Starting at the line containing "肌触りの良い綿100%素材で" and ending at the line containing "The centerpiece, a", print every line of the material below exactly, both ends included, and stop there.

Top of Information given

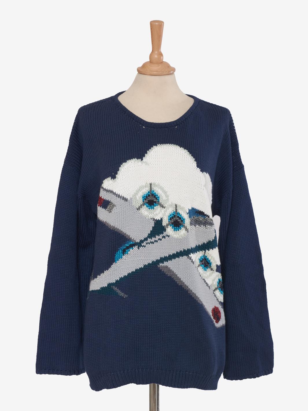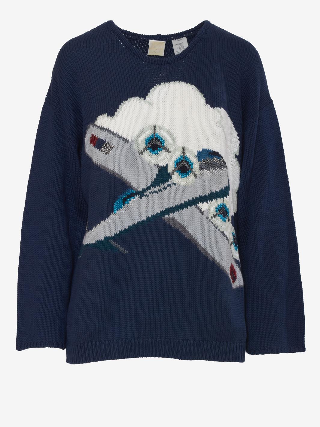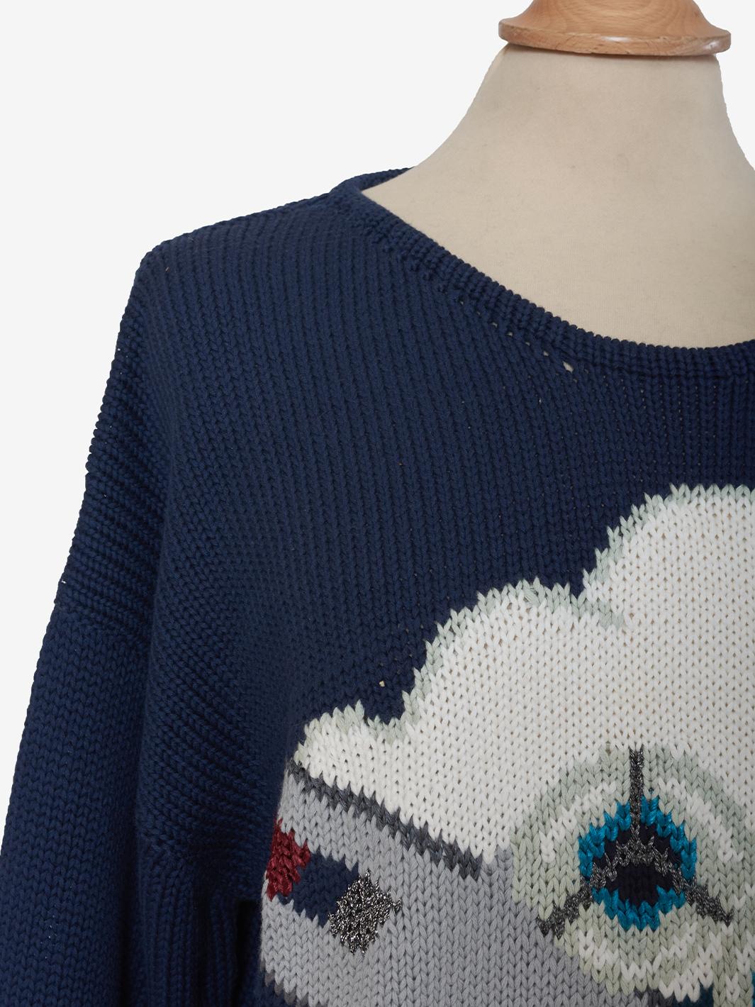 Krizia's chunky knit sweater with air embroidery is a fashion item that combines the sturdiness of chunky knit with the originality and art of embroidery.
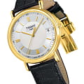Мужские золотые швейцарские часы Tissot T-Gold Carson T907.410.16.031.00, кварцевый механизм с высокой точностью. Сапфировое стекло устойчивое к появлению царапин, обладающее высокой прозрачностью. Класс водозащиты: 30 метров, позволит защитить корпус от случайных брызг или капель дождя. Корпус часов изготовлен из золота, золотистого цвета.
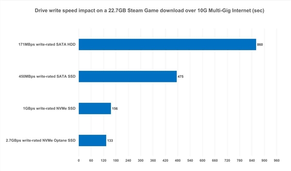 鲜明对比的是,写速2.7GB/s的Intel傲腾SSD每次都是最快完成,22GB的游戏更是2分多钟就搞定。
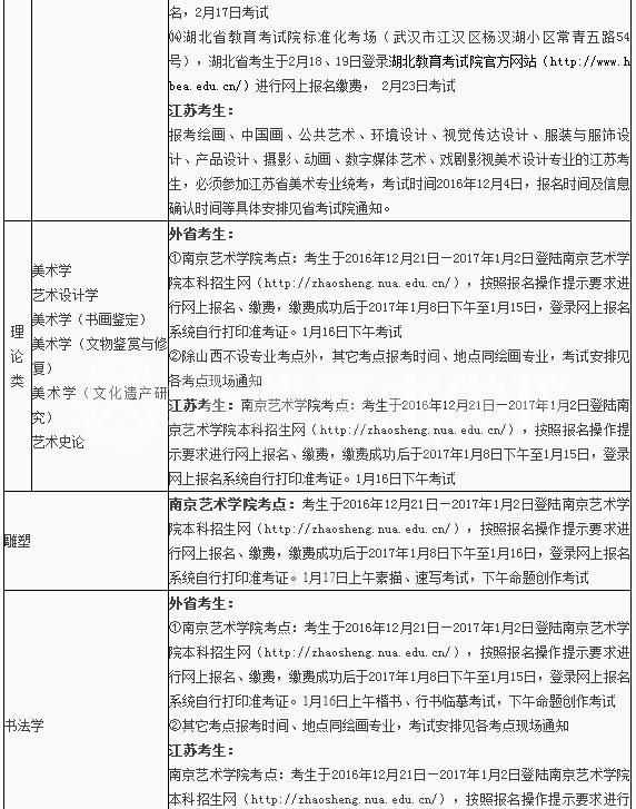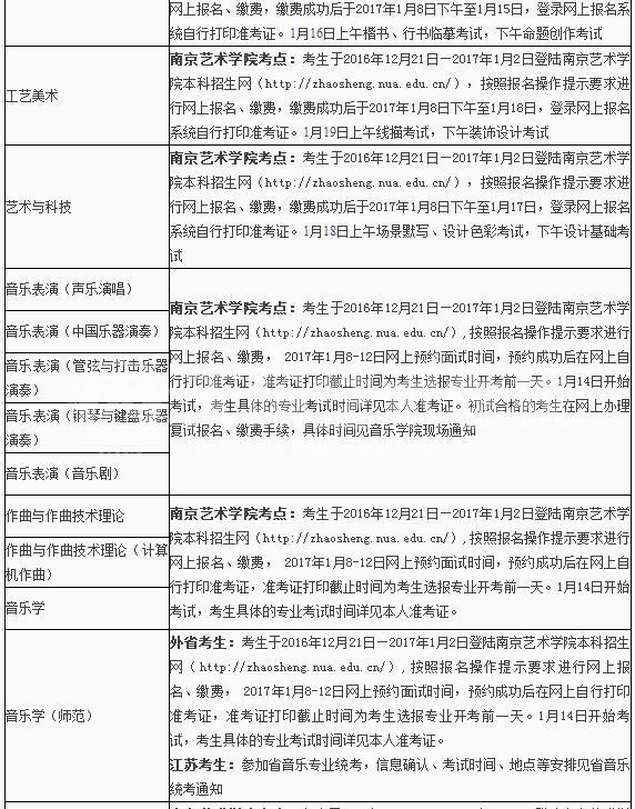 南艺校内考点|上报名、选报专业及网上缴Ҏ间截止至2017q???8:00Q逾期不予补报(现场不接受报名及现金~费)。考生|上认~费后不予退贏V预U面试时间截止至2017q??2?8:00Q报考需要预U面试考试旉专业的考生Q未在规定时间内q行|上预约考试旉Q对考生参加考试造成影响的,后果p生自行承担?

Bottom of Information given
Top of Information given

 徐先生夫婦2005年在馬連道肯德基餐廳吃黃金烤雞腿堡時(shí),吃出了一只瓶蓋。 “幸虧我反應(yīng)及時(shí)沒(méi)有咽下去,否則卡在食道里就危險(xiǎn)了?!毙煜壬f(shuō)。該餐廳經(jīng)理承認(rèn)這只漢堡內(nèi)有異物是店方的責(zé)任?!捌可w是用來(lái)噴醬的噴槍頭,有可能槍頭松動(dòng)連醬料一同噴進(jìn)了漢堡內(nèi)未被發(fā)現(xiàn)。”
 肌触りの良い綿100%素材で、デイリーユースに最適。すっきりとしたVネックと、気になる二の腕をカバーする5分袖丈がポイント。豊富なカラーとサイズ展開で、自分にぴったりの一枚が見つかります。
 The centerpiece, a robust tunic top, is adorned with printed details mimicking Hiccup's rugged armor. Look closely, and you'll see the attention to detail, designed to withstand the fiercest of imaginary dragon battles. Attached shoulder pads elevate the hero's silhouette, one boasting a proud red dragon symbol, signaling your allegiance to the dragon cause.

Bottom of Information given
Top of Information given

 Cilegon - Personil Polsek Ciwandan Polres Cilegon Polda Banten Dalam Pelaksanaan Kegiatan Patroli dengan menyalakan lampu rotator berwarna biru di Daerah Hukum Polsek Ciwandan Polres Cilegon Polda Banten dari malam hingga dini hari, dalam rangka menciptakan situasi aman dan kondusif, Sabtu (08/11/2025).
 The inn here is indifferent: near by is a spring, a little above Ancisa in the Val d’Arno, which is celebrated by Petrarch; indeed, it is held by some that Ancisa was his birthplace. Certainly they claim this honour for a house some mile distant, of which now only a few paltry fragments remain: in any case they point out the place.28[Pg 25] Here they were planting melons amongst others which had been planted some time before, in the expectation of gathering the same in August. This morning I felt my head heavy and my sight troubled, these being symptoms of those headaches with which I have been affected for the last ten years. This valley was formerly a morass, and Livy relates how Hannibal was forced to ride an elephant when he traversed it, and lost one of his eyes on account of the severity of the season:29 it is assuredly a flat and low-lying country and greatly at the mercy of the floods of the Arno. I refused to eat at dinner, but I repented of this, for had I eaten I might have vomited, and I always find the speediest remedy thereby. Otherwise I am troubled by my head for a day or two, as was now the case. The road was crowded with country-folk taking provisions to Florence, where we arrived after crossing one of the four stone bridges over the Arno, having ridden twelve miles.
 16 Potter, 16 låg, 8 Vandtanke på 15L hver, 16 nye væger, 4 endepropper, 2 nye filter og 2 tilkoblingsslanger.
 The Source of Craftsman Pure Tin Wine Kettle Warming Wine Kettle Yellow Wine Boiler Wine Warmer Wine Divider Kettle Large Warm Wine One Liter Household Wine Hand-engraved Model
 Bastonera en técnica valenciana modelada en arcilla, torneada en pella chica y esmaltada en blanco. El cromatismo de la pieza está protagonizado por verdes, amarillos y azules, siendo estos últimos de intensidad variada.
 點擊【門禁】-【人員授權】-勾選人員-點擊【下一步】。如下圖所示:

Bottom of Information given

Response to this exercise:
 肌触りの良い綿100%素材で、デイリーユースに最適。すっきりとしたVネックと、気になる二の腕をカバーする5分袖丈がポイント。豊富なカラーとサイズ展開で、自分にぴったりの一枚が見つかります。
 The centerpiece, a robust tunic top, is adorned with printed details mimicking Hiccup's rugged armor. Look closely, and you'll see the attention to detail, designed to withstand the fiercest of imaginary dragon battles. Attached shoulder pads elevate the hero's silhouette, one boasting a proud red dragon symbol, signaling your allegiance to the dragon cause.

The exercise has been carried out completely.